DirecTV has procedures in place for failures... so there might be a hiccup in the programming, but unless a major catastrophe happened, chances are it wouldn't be permanent.

The possibility always exists that programming may change, or technology may change, but if my options are to pay $500 for a DVR and have no committment or pay $200 for the DVR and be in a 2 year committment, I'll take the committment.

Chances are good that I'll be here the whole 2 years, and every month I'm here that ETF goes down.

To me, I'd rather pay less now and figure out how to pay the termination if by some odd chance I decide I have to leave. Otherwise, I pay the full price for the DVR, and if I'm still here in 2 years, then it means I spent $300 I didn't have to.


----------



## jbrasure (Oct 9, 2006)

CCarncross said:


> If you have already had an HR-20, you have already had your test drive, and unless you paid the ETF, you were with them for 2 years. If you were happy enough b4, why did you leave, and if you were unhappy b4, why are you even considering coming back now?
> 
> Coming back means you are also not a new customer again, but a returning customer, and might not be subject to the same offers as a true new customer.
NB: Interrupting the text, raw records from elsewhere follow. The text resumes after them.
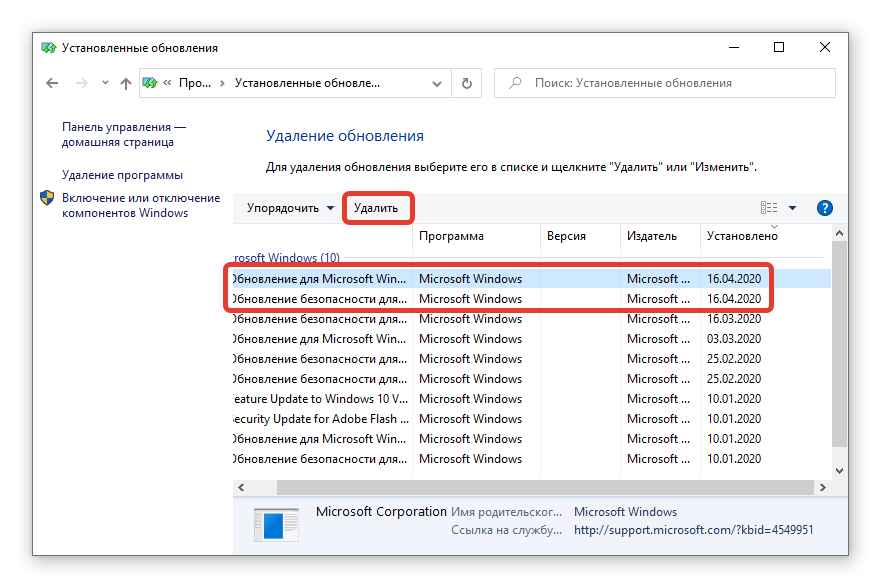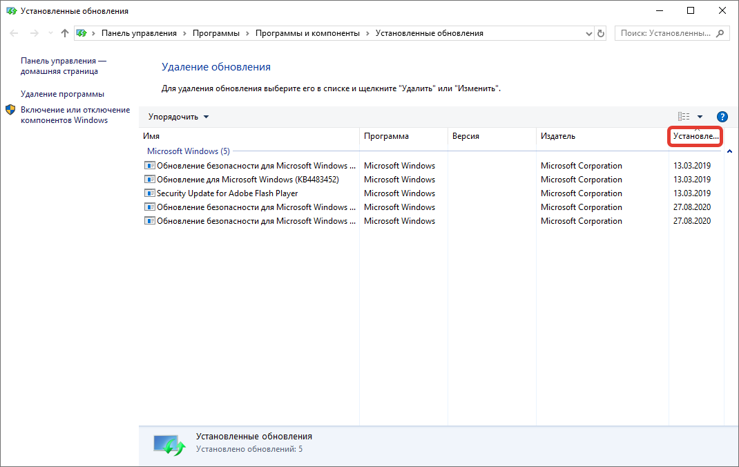 - Отсортировать список апдейтов по столбику «Установлено», выделить последний, нажать кнопку Удалить.
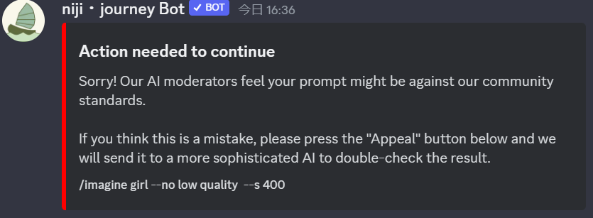 よくStable Diffusionなどで使われているlow qualityやlowres(画像や映像が品質が悪いことを表す)を使うことによってクオリティの高い画像だけを生成してくれるようになりますが、にじジャーニーで使うと以下のようなエラーメッセージが返ってきます。
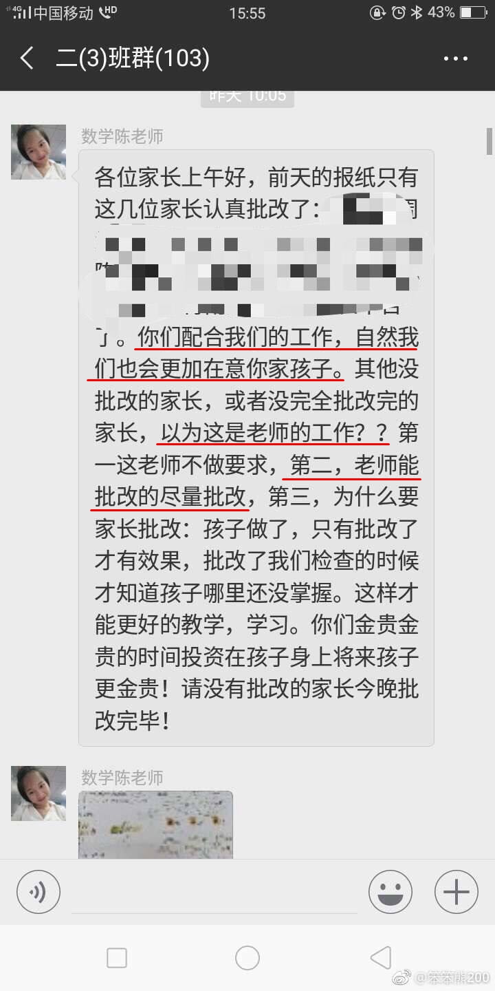 家長沒批改作業,老師在羣裏點名:將來孩子和你一樣可悲_風聞
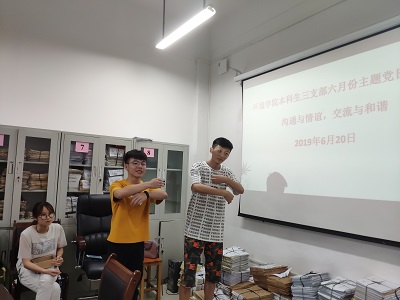 本科生三支部在雁山校区12415会议室举行了主题为“沟通与情谊,交流与和谐”的党日活动,此次党日活动由支部书记夏晴同志组织开展,本科生三支部全部在校20名党员同志参加。
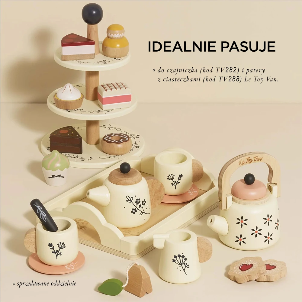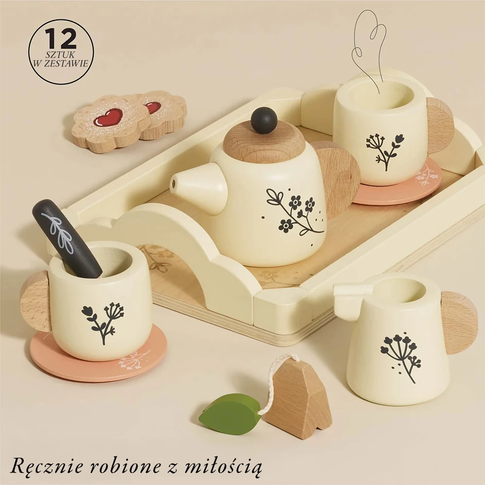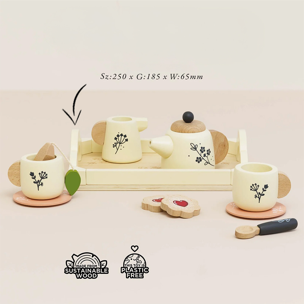Zestaw ma tonację złamanej bieli, naturalnego drewna z czarnymi akcentami, udekorowany uroczymi motywami roślinnymi. Ten 12-elementowy zestaw zawiera wszystko, czego potrzebuje Twoje dziecko, aby zorganizować własne spotkanie przy herbacie. Znajdują się w nim pięknie wykonane filiżanki i spodki, uroczy imbryk, torebka herbaty, dzbanuszek na mleko, a nawet ciasteczka z dżemem i cukrową posypką, które tworzą niezapomniane wrażenia podczas picia herbaty. Taca do serwowania umożliwia maluchom łatwe podawanie herbaty.
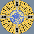 The wheel has 96 pegs with 24 spaces that are each four pegs wide. These spaces represent cash values (in multiples of 5 instead of 50 in the American version), prizes and penalty spaces, three strategic elements for use in the game. The wheel also features two additional spaces that are specific to particular rounds of the game (see below).
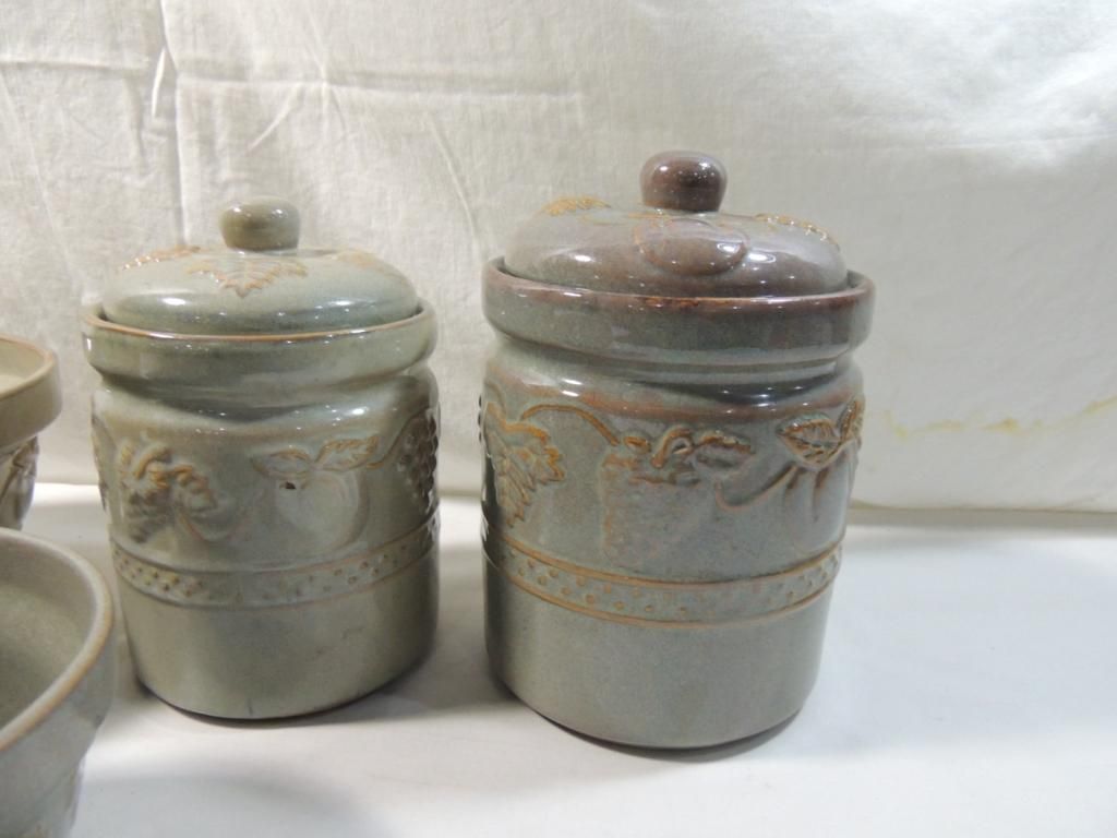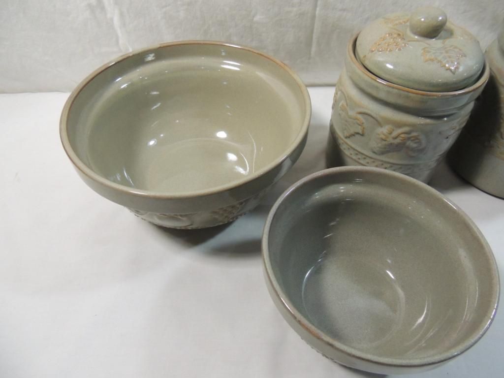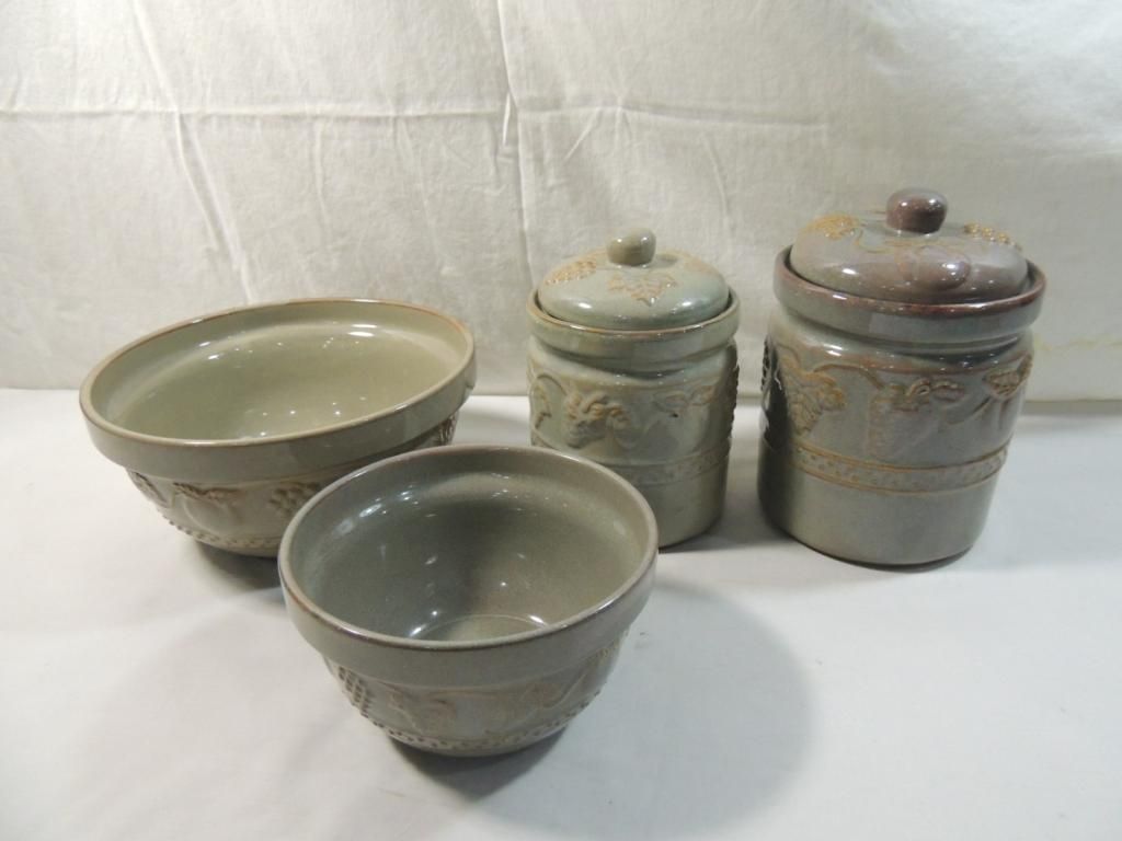 DECORATIVE MIXING BOWLS CERAMIC POTTERY CANISTERS GRAPES, LEAVES, APPLES, BROWN BLUE AS SHOWN SEE PHOTO FOR MORE DETAILS.
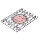 A stylish white and shimmery pink blush harlequin diamond pattern as a backdrop with a pink sphere in the middle with grey jewels for personalizing to make it uniquely your own. Elegant chic vibes.
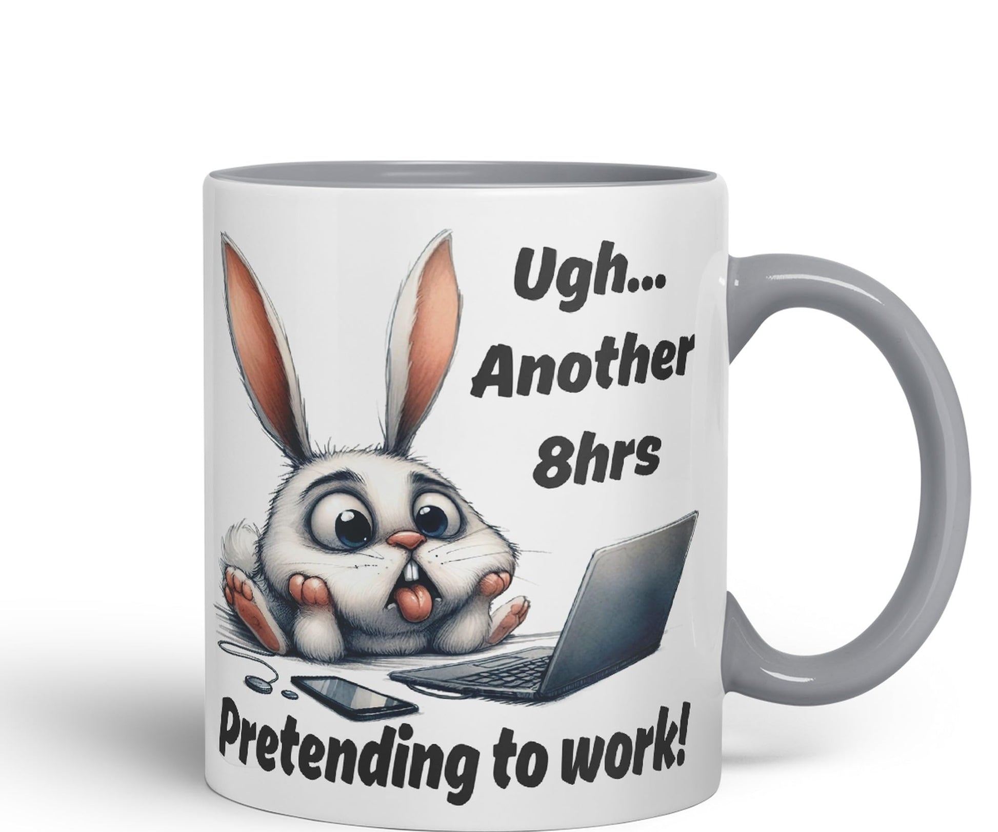 Ugh.. Another 8hrs Pretending to Work Rabbit Joke sarkasm Sarcastic Ceramic Coloured Mug Cup for Tea Coffee Hot Brew 330ml 11Oz Gift
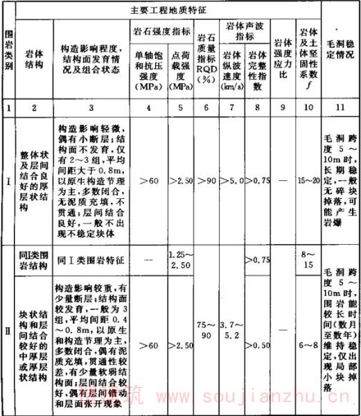 4 一般条件下,确定围岩类别时,应以岩石单轴饱和抗压强度为准;当洞跨小于5m,服务年限小于10年的工程,确定围岩类别时,可用点荷载强度指标代替岩块单轴饱和抗压强度指标,可不做岩体声波指标测试。
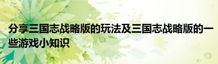 對于游戲愛好者來說,一些游戲攻略就是必備的開局利器了,近來發(fā)現不少網友對于三國志戰(zhàn)略版這款游戲的關注熱度頗高的,那么小編今天就針對三國志戰(zhàn)略版收集了一些相關的訊息 希望小編收集的這些訊息 能幫助到你。
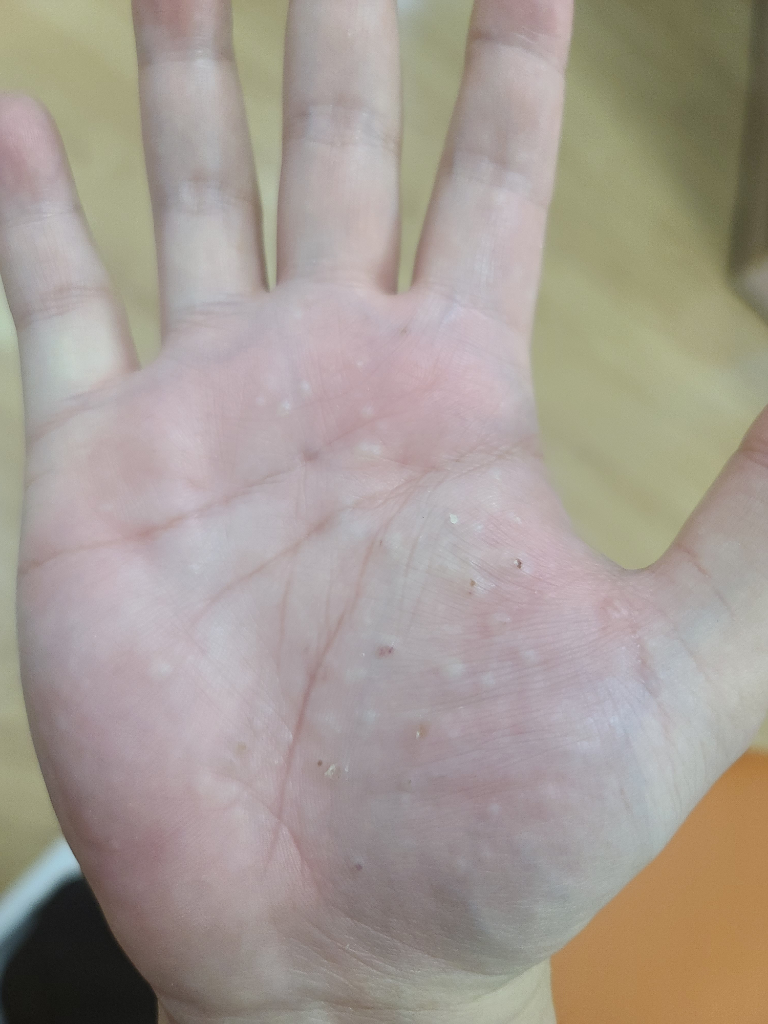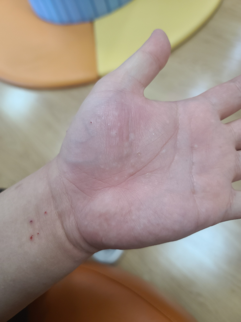 한포진이네요. 자극을 줄이면서 지켜보면 없어지기는 하지만 너무 가려워서 치료를 받는 것이 좋습니다. 피부과에 가셔서 스테로이드 연고 처방을 받아보시지요.
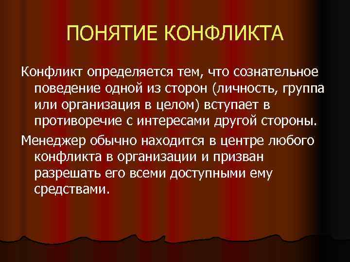 ПОНЯТИЕ КОНФЛИКТА Конфликт определяется тем, что сознательное поведение одной из сторон (личность, группа или организация в целом) вступает в противоречие с интересами другой стороны. Менеджер обычно находится в центре любого конфликта в организации и призван разрешать его всеми доступными ему средствами.
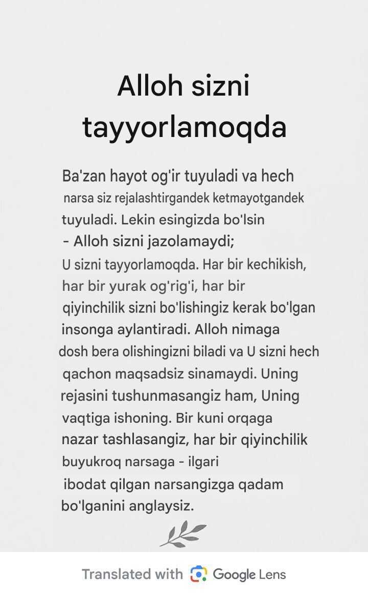 Bilasizmi, hijob shunchaki sochingizni yopish yoki ma'lum bir tarzda kiyinish emas, balki undan ham chuqurroqdir. Bu Allohning amri, ha, lekin u shuningdek, sovg'a, qalqon va bizning aslida kimligimizni eslatuvchidir. Alloh bizga Qur'onda hijob kiyishni aytganda, bu bizga yuk tushirish yoki cheklash uchun emas. Bu bizni doimo tashqi ko'rinishimiz bilan belgilashga harakat qiladigan dunyodan himoya qilish uchundir. Bir o'ylab ko'ring... jamiyatning go'zallik me'yorlari doimo o'zgarib turadi. Bir kun bu tendentsiya, ertasi kuni butunlay boshqacha narsa. Lekin hijob bilan biz: "Men siz ko'rgan narsadan ko'ra ko'proqman va mening qadr-qimmatim Alloh menda ko'rgan narsada", deymiz. Eng yaxshi narsa shundaki, hijob diqqatni tashqi ko'rinishdan chinakam muhim bo'lgan narsaga, sizning fe'l-atvoringizga, diningizga, qalbingizga qaratadi. Bu dunyoga: "Men sizning tasdiqlashingiz uchun emas. Men Alloh uchun bu yerdaman", deyish bilan barobar. Bu kuchli, shunday emasmi? Va rostini aytsam, hijob kiyish har doim ham oson emas. Ba'zan o'zingizni hukm qilingan, noto'g'ri tushunilgan yoki hatto o'zingizni o'rinsiz his qilasiz. Lekin aynan o'shanda o'zingizga buni ular uchun qilmayotganingizni eslatib turishingiz kerak. Siz buni Alloh uchun qilyapsiz, chunki u sizning kurashlaringizni biladi va har bir kichik harakatingizni mukofotlaydi. Shuning uchun, hijob kiyganingizda, uni sevgi va faxr bilan kiying. Bilingki, bu shunchaki niqob emas, balki sizning itoatkorligingiz, kuchingiz va Allohning donoligiga bo'lgan ishonchingiz ramzi. Siz: "Men bu dunyodan Allohni tanlayman", deyapsiz. Va bu siz hech qachon afsuslanmaydigan tanlovdir. Sizga va'da beraman.
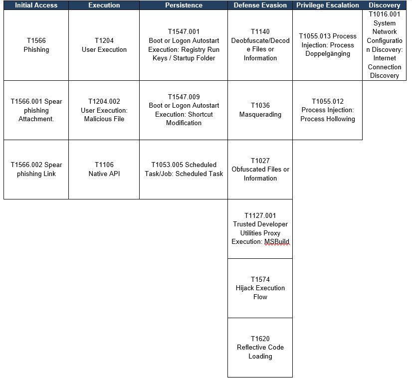 - Carga del payload: Mediante técnicas avanzadas conocidas como Process Doppelgänging y Heaven’s Gate, carga el contenido ya descifrado dentro de un proceso iniciado con privilegios elevados. En el caso de las campañas analizadas se carga el troyano AsyncRAT y el troyano Remcos en los procesos MSBuild.exe o explorer.exe.
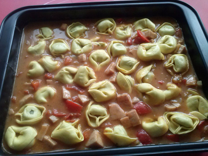 AuflaufengljA real tasty casserole quite easy and quick to cook. Boil tortellini according instructions on package and fill in a casserole dish. Cut pork sausage, pepper and sahllotts in small pieces. Roast sausage and shallotts in cooking oil and add the pepper. Pour cream and tomatos into the pan and stir slightly. Flavor with black pepper, salt and a bit of chilli powder and pour sauce into the casserole. Scatter with grounded cheese and cook in oven at 390°F for about 20 minutes.
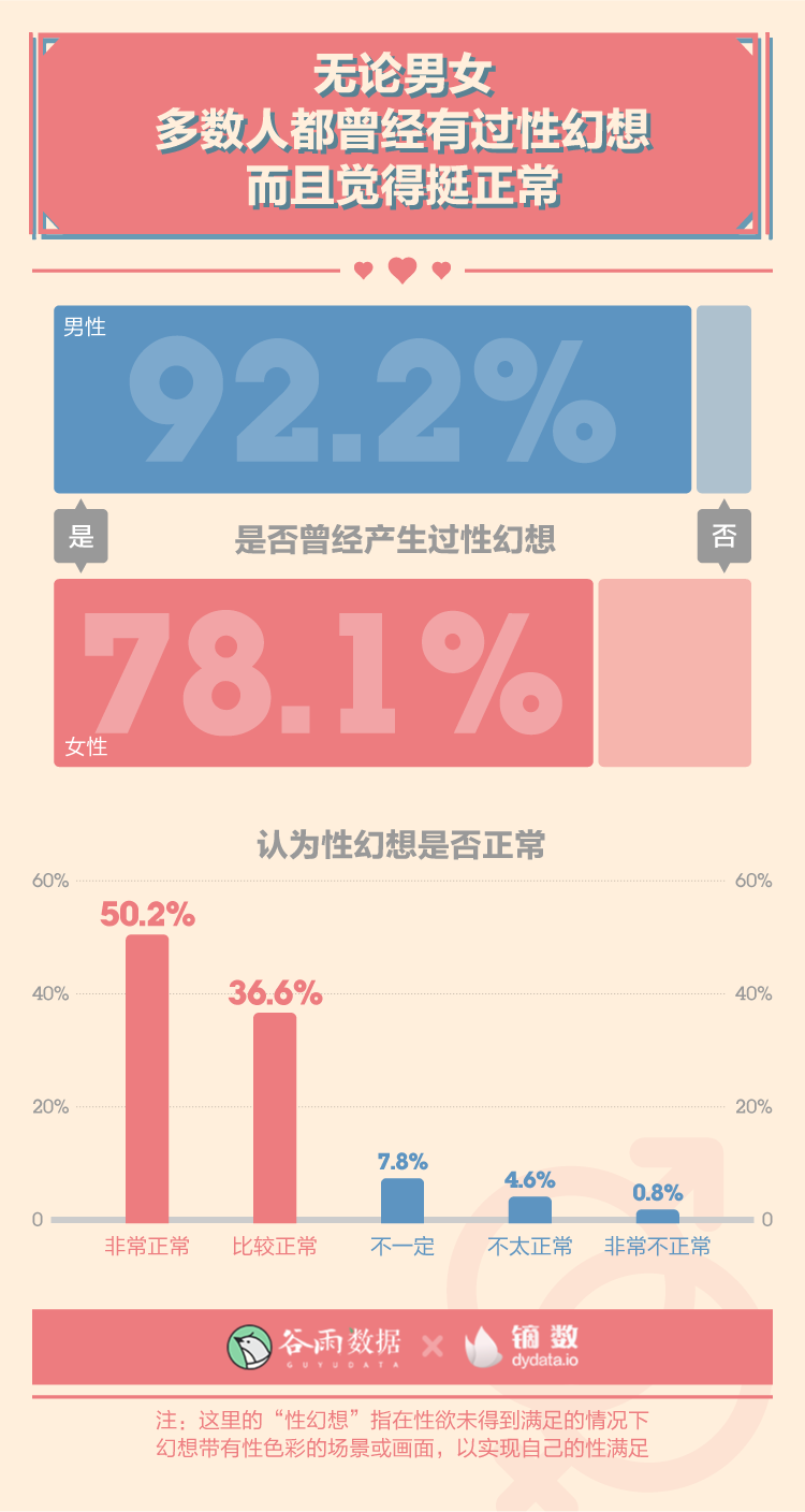 在我们的调查中,无论男女,多数人都曾经有过性幻想,男性产生过性幻想的比例超过了九成,更高一些。

It's been a couple of years since I used the HR-20, and I keep hearing that it's better now. That's why I'd like to try it again. However, I had a BAD experience with it earlier, so I'm understandably paranoid about getting into a long commitment.


----------



## ziggy29 (Nov 18, 2004)

rudeney said:


> •	You could be required to move to another home where D* is not available due to LOS issues.


This happened to us once. When we moved to a new home we didn't think we had a clear view of the southern sky, and we were still under contract. Sure enough, when the installer arrived he couldn't find a location. But as it turned out, D* waived the charge under this circumstance. Not sure if that is/was official policy or someone was just being nice, but at least in my case, this didn't trigger the fee.

A few months later, after suffering through HORRIBLE service and picture with TWC, I had a tree service prune the large tree causing most of the problems, leaving a "lane" for the dish to see through. As soon as I had that, I called D* and reupped. I paid $300 to the tree guys in order to ditch TWC and it was worth every cent.


----------



## FlBillsfan (Apr 23, 2008)

Stuart Sweet said:


> Excellent point, Scott. I'll add my "+1" to that.
> 
> Maybe you all don't think I'm objective just because I help run a user forum, but remember I'm a guy like all of you.
> 
> ...


I agree with you, except & unless DTV takes away my ability to receive HD. (I do not have HDMI on my 1080i HDTV.) In that event I will be HAPPY I have no commitment, & will go with a HD TIVO OTA.


----------



## Smuuth (Oct 4, 2005)

FlBillsfan said:


> I agree with you, except & unless DTV takes away my ability to receive HD. (I do not have HDMI on my 1080i HDTV.) In that event I will be HAPPY I have no commitment, & will go with a HD TIVO OTA.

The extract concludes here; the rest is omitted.